Docs: Add initial project documentation structure and content (#368)

Co-authored-by: Taylor Mullen <ntaylormullen@google.com>
2025-12-19 09:33:53 +00:00 · 2025-05-15 20:04:33 -07:00
parent 3674fb0c7e
commit 58ef39e2a9
16 changed files with 1151 additions and 25 deletions
--- a/docs/architecture.md
+++ b/docs/architecture.md
@@ -0,0 +1,76 @@
+# Gemini CLI Architecture Overview
+
+This document provides a high-level overview of the Gemini CLI's architecture. Understanding the main components and their interactions can be helpful for both users and developers.
+
+## Core Components
+
+The Gemini CLI is primarily composed of two main packages, along with a suite of tools that the system utilizes:
+
+1.  **CLI Package (`packages/cli`):**
+
+    - **Purpose:** This is the user-facing component. It provides the interactive command-line interface (REPL), handles user input, displays output from Gemini, and manages the overall user experience.
+    - **Key Features:**
+      - Input processing (parsing commands, text prompts).

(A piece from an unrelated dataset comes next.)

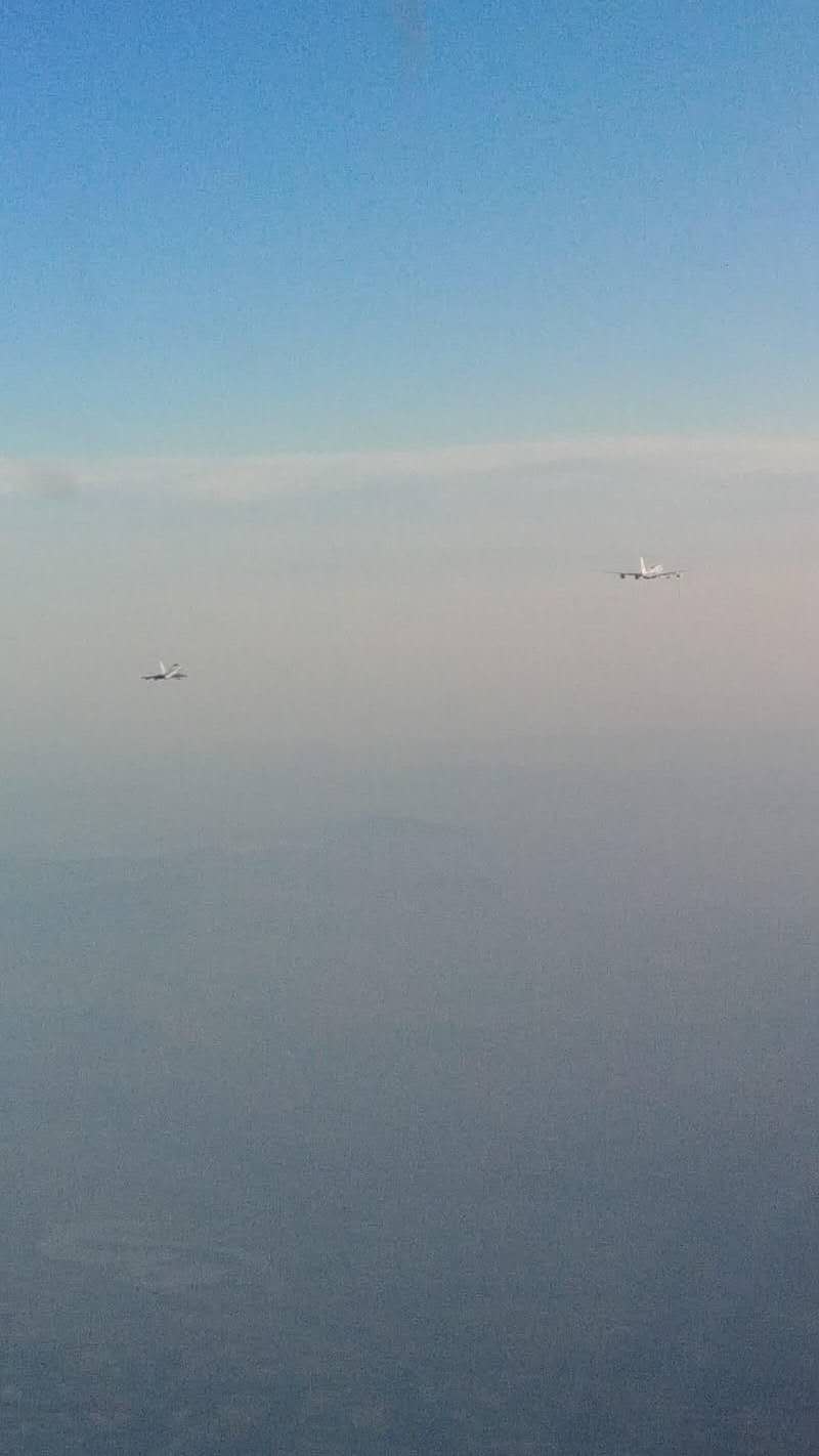 △當專機進入意大利領空時,2架意大利空軍戰機升空護航。

+      - History management.
+      - Display rendering (including Markdown, code highlighting, and tool messages).
+      - Theme and UI customization.
+      - Communication with the Server package.
+      - Manages user configuration settings specific to the CLI.
+
+2.  **Server Package (`packages/server`):**
+
+    - **Purpose:** This acts as the backend for the CLI. It receives requests from the CLI, orchestrates interactions with the Gemini API, and manages the execution of available tools.
+    - **Key Features:**
+      - API client for communicating with the Google Gemini API.
+      - Prompt construction and management.
+      - Tool registration and execution logic.
+      - State management for conversations or sessions.
+      - Manages server-side configuration.
+
+3.  **Tools (`packages/server/src/tools/`):**
+    - **Purpose:** These are individual modules that extend the capabilities of the Gemini model, allowing it to interact with the local environment (e.g., file system, shell commands, web fetching).
+    - **Interaction:** The Server package invokes these tools based on requests from the Gemini model. The CLI then displays the results of tool execution.
+
+## Interaction Flow
+
+A typical interaction with the Gemini CLI follows this general flow:
+
+1.  **User Input:** The user types a prompt or command into the CLI (`packages/cli`).
+2.  **Request to Server:** The CLI package sends the user's input to the Server package (`packages/server`).
+3.  **Server Processes Request:** The Server package:
+    - Constructs an appropriate prompt for the Gemini API, possibly including conversation history and available tool definitions.
+    - Sends the prompt to the Gemini API.
+4.  **Gemini API Response:** The Gemini API processes the prompt and returns a response. This response might be a direct answer or a request to use one of the available tools.
+5.  **Tool Execution (if applicable):**
+    - If the Gemini API requests a tool, the Server package prepares to execute it.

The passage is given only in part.